**Action item**. In this exercise, print only the lines of the records below from the one with "Ekose desenli erkek" through the one with "Ízesített tabletta kutyák", inclusive. Pictures are not part of the copy.

**Saved data entries**.
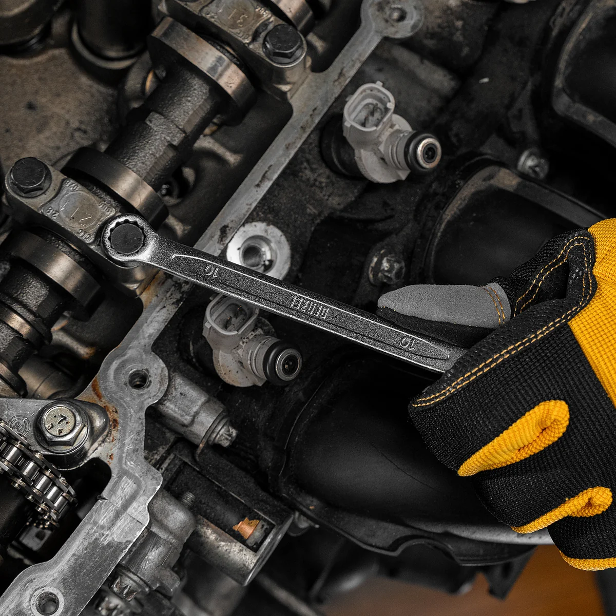 - Удобная работа в труднодоступных местах — 90-зубый храповой механизм ключей-трещоток обеспечивает плавный ход, угол поворота составляет всего 4°.
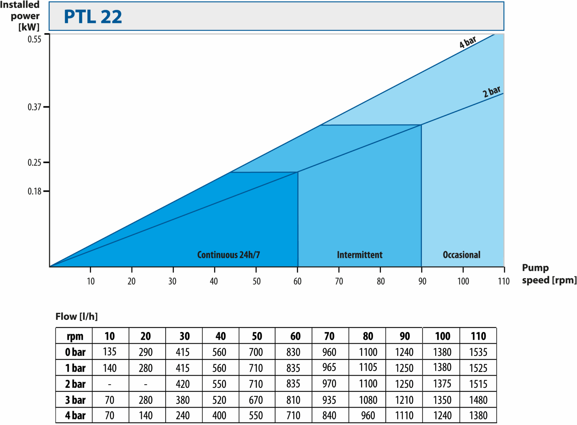 • pump operating time (continuous/intermittent/occasional)
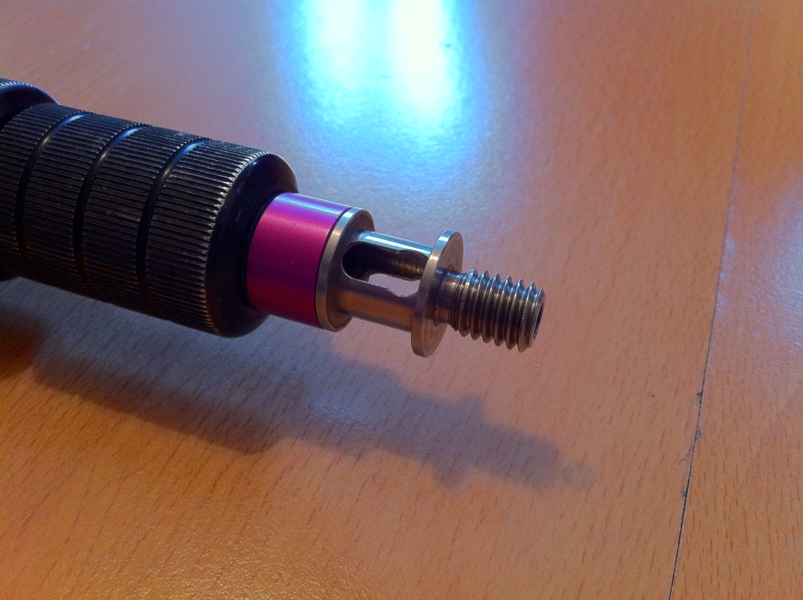- Gewindestift aus Stahl anfertigen lassen, ein Ende mit kleinem, ein Ende mit großem Kameragewinde
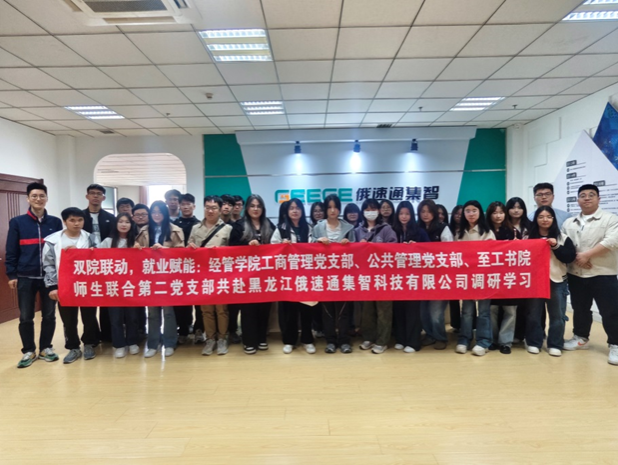 为深入推进党建引领下“学院+书院”协同育人实践,在学校前沿选修类课程《工业领域低碳管理》支持下,工商管理党支部、公共管理党支部与至工书院学生党支部共赴黑龙江俄速通集智科技有限公司开展实习实践活动,工商管理党支部书记刘天森、公共管理系青年教师高羽作为课程主讲教师带队前往,30余位大二学年同学参加学习交流。
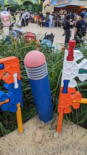 Light posts themed like pencils, complete with the ferrule.
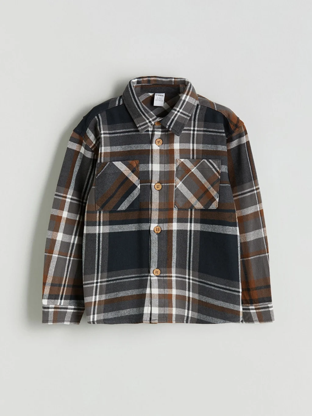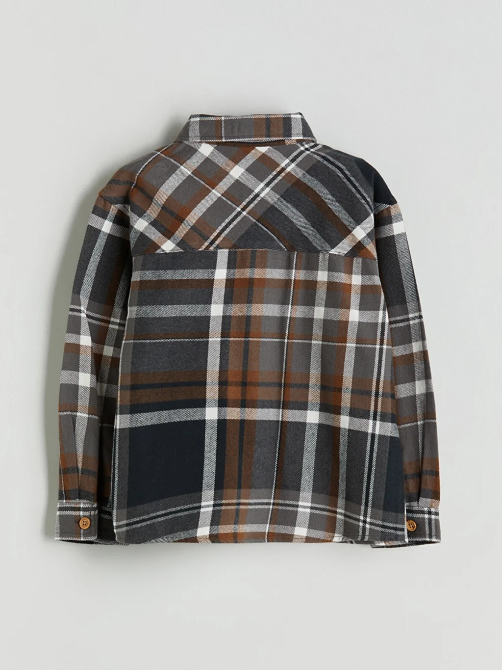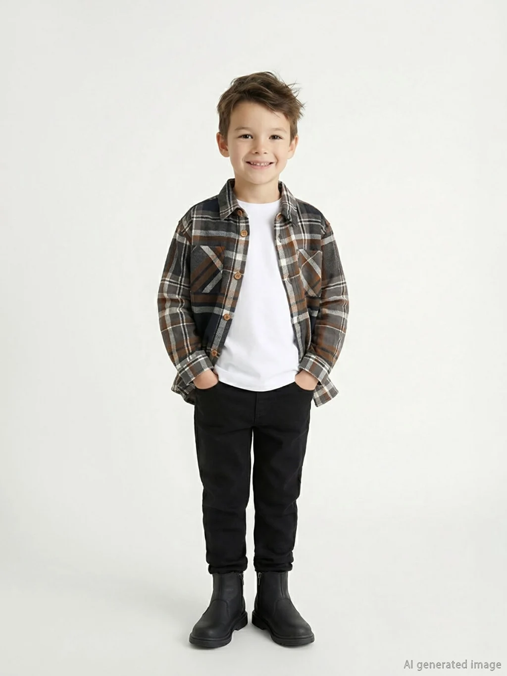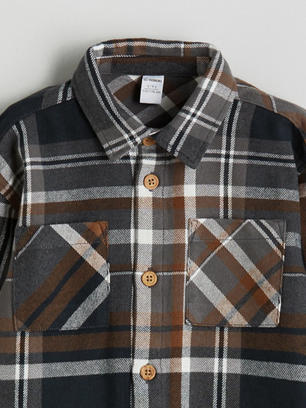 Ekose desenli erkek çocuk gömlek, flanel kumaştan üretilmiştir. Gömlek yakalı, uzun kollu ve önden düğme kapamalıdır. Göğsünde iki adet cebi bulunur.
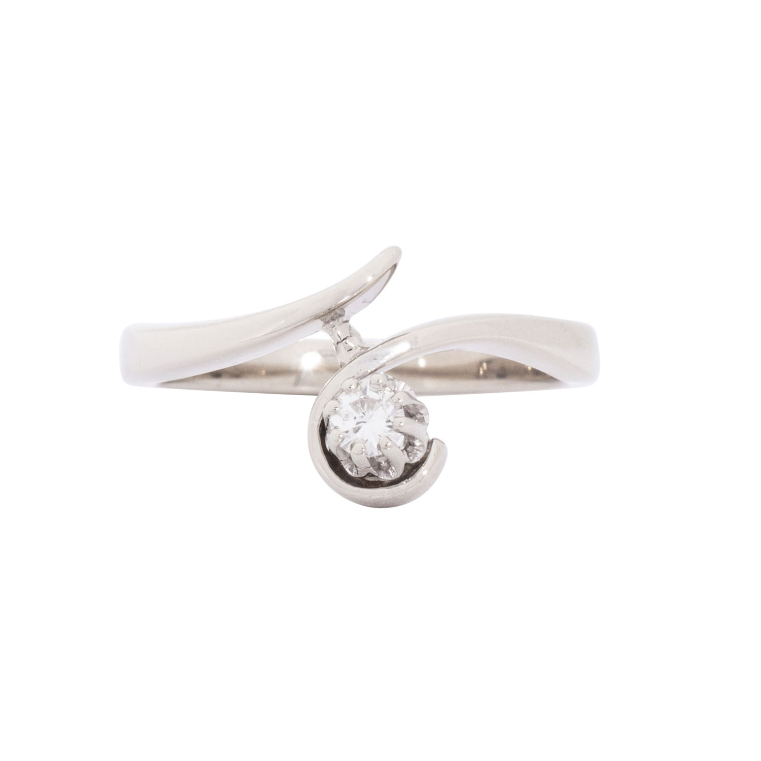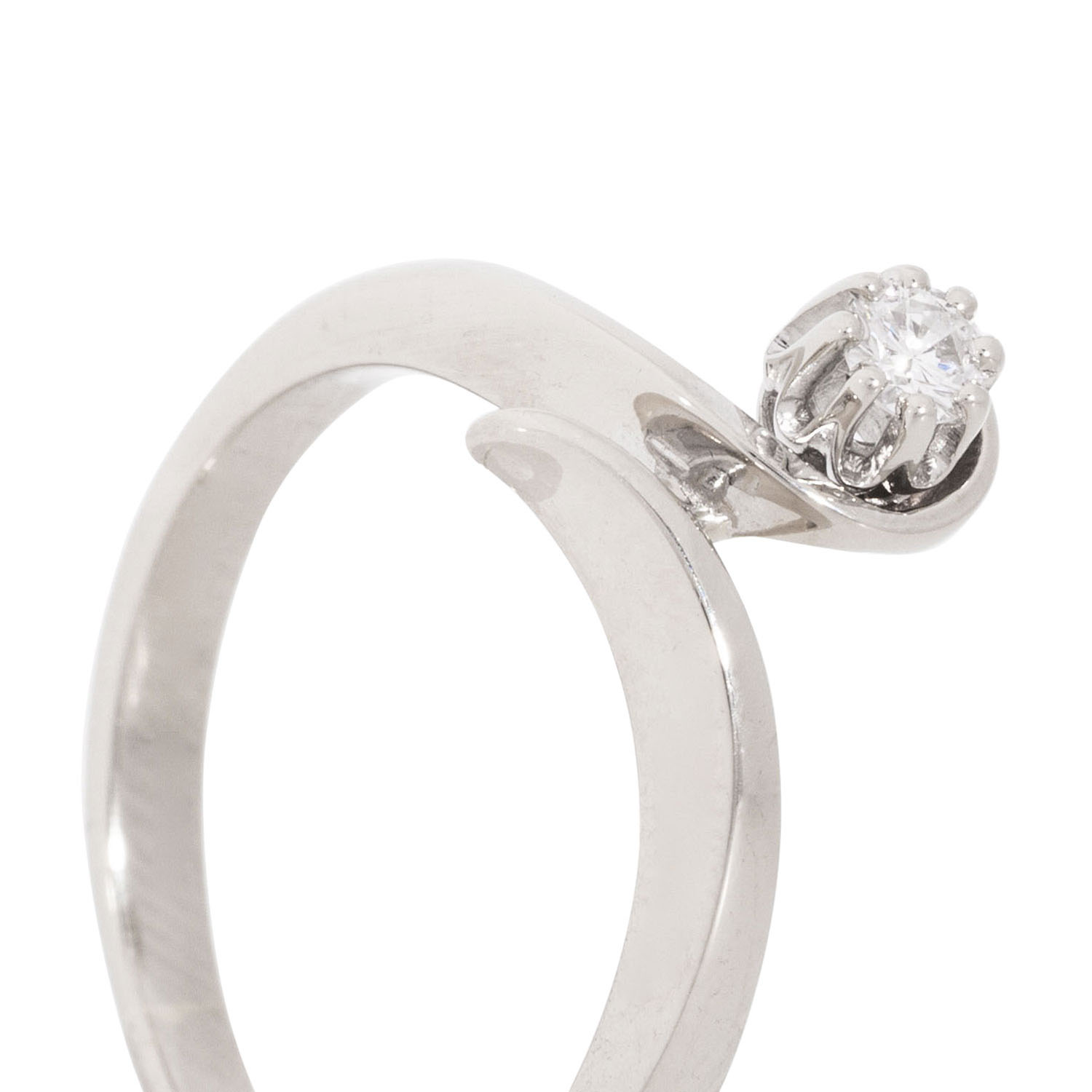 Solitaire ring with brilliant-cut diamond ca. 0.08 ct, ca. WHITE (H)/VS, 18K white gold, 3 g, ring size: 49, W: ca. 2.2 - 10 mm, 21st century, minimal signs of wear.
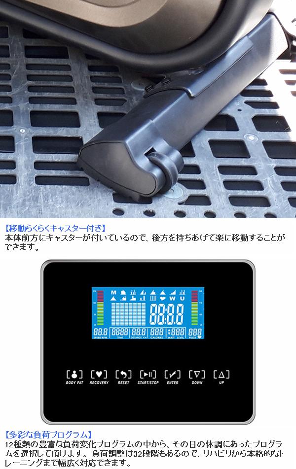 12種類の豊富な負荷変化プログラムの中から、その日の体調にあったプログラムを選択して頂けます。 負荷調整は32段階もあるので、リハビリから本格的なトレーニングまで幅広く対応できます。
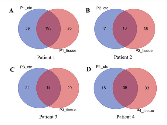 The results showed that both CTCs and tissue type-specific mutated genes were more significantly different; 193 mutated genes shared by Patient1_CTC and Patient1_tissue (Figure 3A); 10 genes shared by Patient2_CTC and Patient2_tissue (Figure 3B); and there were 18 and 35 shared genes for patient 3 (Figure 3C) and patient 4 (Figure 3D), respectively.
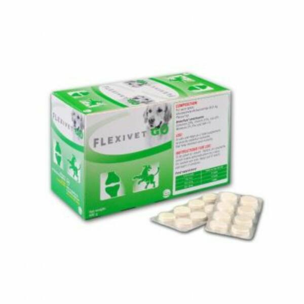Ízesített tabletta kutyák táplálékának kiegészítésére, az ízületek egészségéért . Összetevők: Egy 1671 mg-os ízesített tabletta 900 mg glükózamin-hidrokloridot tartalmaz. (Ez megfelel 747 mg glükózaminnak. ) Beltartalom: - Nedvesség: 3 % - Nyerszsír: 1 % - Nyershamu: 8 % - Nyersrost: 22 % - Nyersfehérje: 20 % Leírás: A Flexivet Go ízesített tabletta hatóanyaga a gl
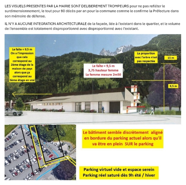 ACTUALITE JANVIER 2026 Trois requêtes ont été déposées au nom de la Association et au nom de Sophie Persyn comme citoyenne, au Tribunal Administratif de Grenoble. 1) Contre l'autorisation de la Préfecture de construire le funérarium, basée sur des documents fournis par la Mairie dans le dossier d'Enquête Publique et qui ne correspondent pas à la réalité des faits. 2) Contre la délibération du Conseil Municipal qui permet le déclassement du Parking du Biollay pour y construire le funérarium, après une enquête publique dont les résultats ont été manipulés pour laisser croire à une équivalence d'avis POUR et CONTRE alors que les avis CONTRE étaient deux fois plus nombreux que les POUR. 3) Contre le permis de construire Ces trois requêtes sont en cours, et malgré cela, la Mairie a commencé à abattre plusieurs des superbes épicéas de plus de 60 ans qui protègent le quartier de l'agitation touristique, de la pollution de l'air et de la nuisance sonore qui règnent à l'entrée du quartier. Quelques images ci dessous: ![]() Le funérarium sera plus ou moins placé à la place du manège d'auto-tamponneuses de la fête foraine de septembre et 50% plus volumineux ![]() 50 places de stationnement disparaissent sans contre partie ![]() Le rond-point du plan censé résoudre les problèmes de circulation inhérents au quartier casi toute l'année, est FICTIF. Aucun service du département, obligatoirement partie prenante d'une rond-point sur une route départementale, même sur le territoire d'une commune n'est impliqué dans un projet de rond-point à cet endroit. ![]() Abattage totalement inutile des arbres sans attendre la décision du Tribunal ![]() ![]() ENQUETE PUBLIQUE TERMINEE ACTUALITE DEC 2024 N°1: ENQUETE PUBLIQUE TERMINEE L'enquête publique pour la désaffectation et le déclassement partiel du parking (-50 places) et du chemin du Biollay EN VUE D'Y CONSTRUIRE UN FUNERARIUM du Mardi 19 Novembre au Mardi 3 Décembre 2024 est terminée. Le Rapport du Commissaire Enquêteur sera rendu public dès que le Compte rendu du Conseil Municipal du 8 Janvier 2025 sera signé par le Maire de Chamonix. Voici en attendant les principaux éléments que nous avons pu consulter en Mairie et recopier: Le Commissaire rappelle le contexte, le cadre juridique, les données cadastrales, les données concernant le déclassement, la raison du déclassement = le projet de construction d'un funérarium de 700m2, décrit les modalités de l'enquête et souligne le respect de la procédure. Il liste les participations citoyennes: EN FAVEUR DU DECLASSEMENT: 25 dépositions sur le registre nominatives 4 dépositions sur le registre sans identification possible 2 courriers annexés 24 envois par email ARGUMENTS: Le Projet Funérarium répond à une demande Utilité d'un lieu d'accueil digne pour les familles Cohérence de la proximité du cimetière Dimensionnement correspondant aux besoins Suppression de places compensé par quelques nouvelles places dans les espaces libres et le développement des transports en commun Pas de commentaires du Commissaire CONTRE LE DECLASSEMENT: 28 dépositions sur le registre nominatives 1 déposition sur le registre sans identification possible 1 courrier annexé 28 envois par email ARGUMENTS: Le lieu n'est pas approprié Pertes de places de stationnement Non respect du PPRA (Remarque: erreur car projet 2024 en bord limite PPRA) Grandiose et surdimensionné Manque d'intégration architecturale Proposition de rénovation Hôpital Impact des travaux sur les riverains Nécessité d'une réflexion globale de l'aménagement du secteur Commentaires du Commissaire: Seuls les 3 premiers arguments concernent directement l'objet de l'Enquête L'implantation près du cimetière ne paraît pas incohérent Les pertes de places de stationnement sont le point négatif mais la perte sera compensée par des places sur les espaces libres et le développement des transports en commun Les autres arguments relèvent du Permis de Construire. La plupart des CONTRE ne contestent pas l'utilité du funérarium ni le lieu mais surtout le dimensionnement CONCLUSION du COMMISSAIRE sur l'objet de l'enquête (Déclassement) AVIS FAVORABLE |

**Answer to this exercise**.
 Ekose desenli erkek çocuk gömlek, flanel kumaştan üretilmiştir. Gömlek yakalı, uzun kollu ve önden düğme kapamalıdır. Göğsünde iki adet cebi bulunur.
 Solitaire ring with brilliant-cut diamond ca. 0.08 ct, ca. WHITE (H)/VS, 18K white gold, 3 g, ring size: 49, W: ca. 2.2 - 10 mm, 21st century, minimal signs of wear.
 12種類の豊富な負荷変化プログラムの中から、その日の体調にあったプログラムを選択して頂けます。 負荷調整は32段階もあるので、リハビリから本格的なトレーニングまで幅広く対応できます。
 The results showed that both CTCs and tissue type-specific mutated genes were more significantly different; 193 mutated genes shared by Patient1_CTC and Patient1_tissue (Figure 3A); 10 genes shared by Patient2_CTC and Patient2_tissue (Figure 3B); and there were 18 and 35 shared genes for patient 3 (Figure 3C) and patient 4 (Figure 3D), respectively.
Ízesített tabletta kutyák táplálékának kiegészítésére, az ízületek egészségéért . Összetevők: Egy 1671 mg-os ízesített tabletta 900 mg glükózamin-hidrokloridot tartalmaz. (Ez megfelel 747 mg glükózaminnak. ) Beltartalom: - Nedvesség: 3 % - Nyerszsír: 1 % - Nyershamu: 8 % - Nyersrost: 22 % - Nyersfehérje: 20 % Leírás: A Flexivet Go ízesített tabletta hatóanyaga a gl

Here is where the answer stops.